Look below for the line that contains "T-shirt girocollo da", and write out exactly that line and all remaining lines of the listing, omitting pictures.

Stored data:
▽

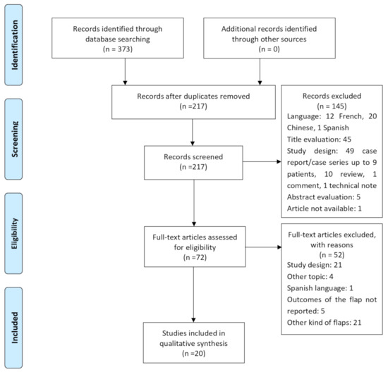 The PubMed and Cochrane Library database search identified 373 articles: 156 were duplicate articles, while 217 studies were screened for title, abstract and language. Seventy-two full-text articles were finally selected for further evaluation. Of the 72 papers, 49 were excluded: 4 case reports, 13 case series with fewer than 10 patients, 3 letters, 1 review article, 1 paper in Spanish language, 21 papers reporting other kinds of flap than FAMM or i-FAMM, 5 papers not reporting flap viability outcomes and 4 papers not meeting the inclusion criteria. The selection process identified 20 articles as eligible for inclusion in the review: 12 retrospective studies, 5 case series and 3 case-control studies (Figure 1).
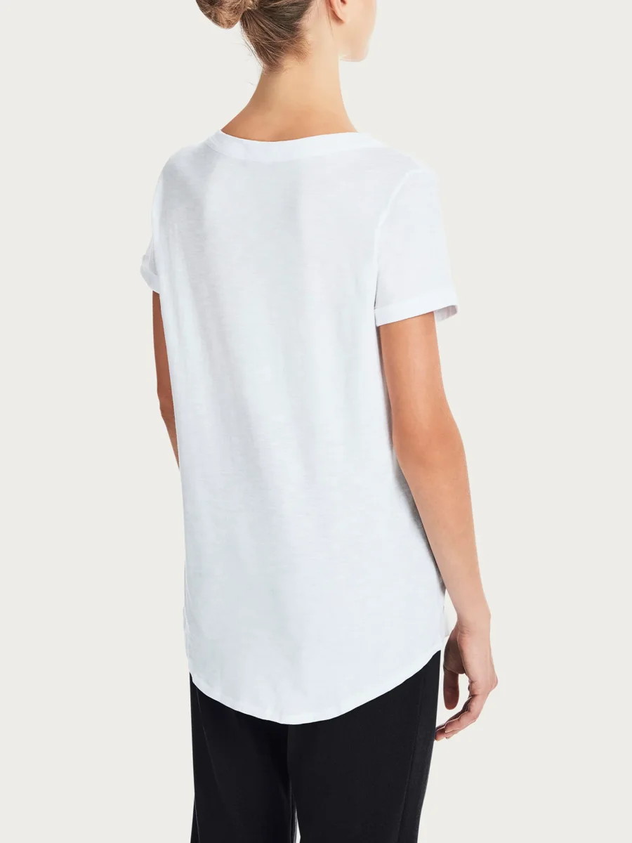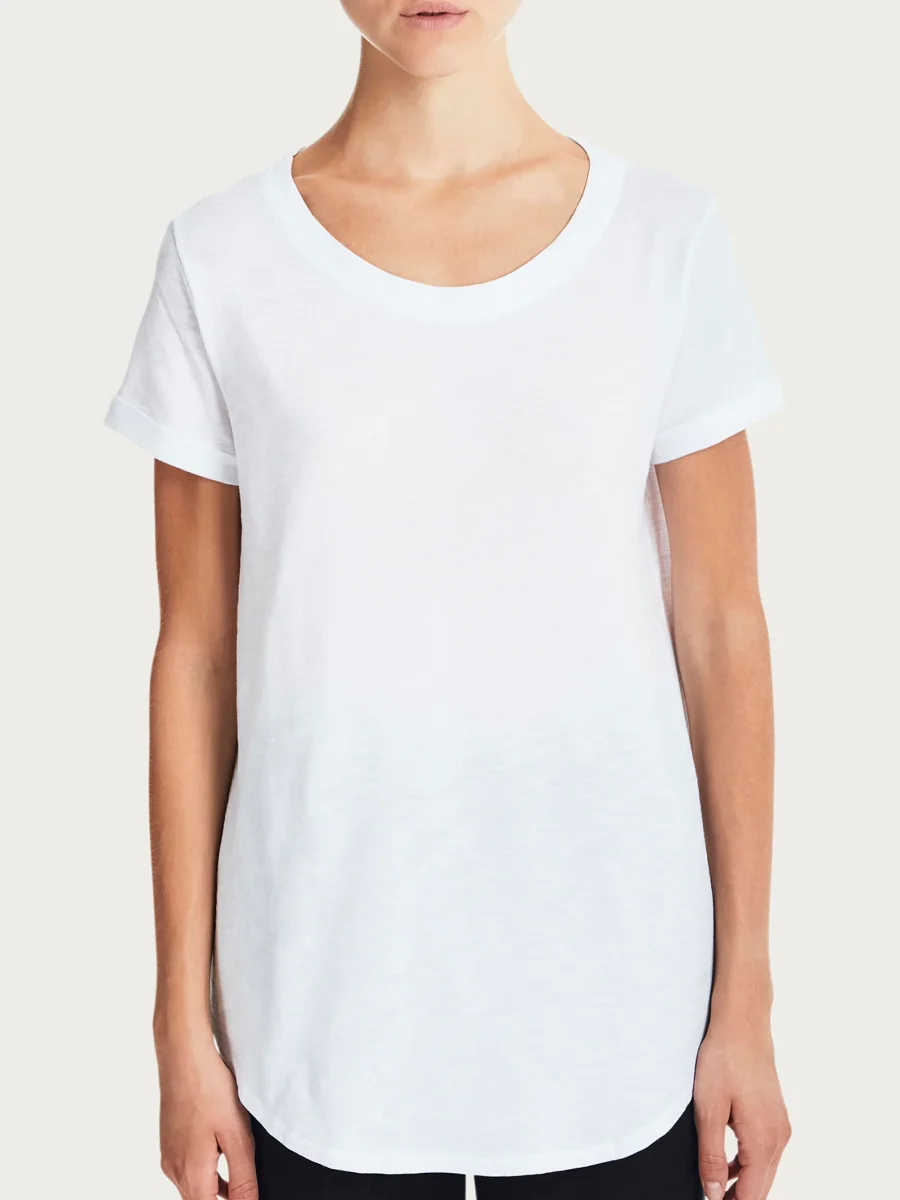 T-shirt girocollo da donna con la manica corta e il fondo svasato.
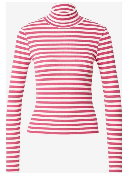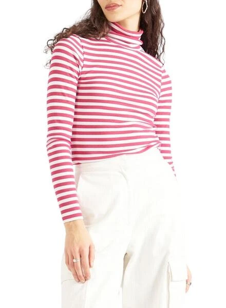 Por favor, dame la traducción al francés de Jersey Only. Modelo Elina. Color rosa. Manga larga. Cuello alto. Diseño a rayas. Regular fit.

△

Your solution:
 T-shirt girocollo da donna con la manica corta e il fondo svasato.
 Por favor, dame la traducción al francés de Jersey Only. Modelo Elina. Color rosa. Manga larga. Cuello alto. Diseño a rayas. Regular fit.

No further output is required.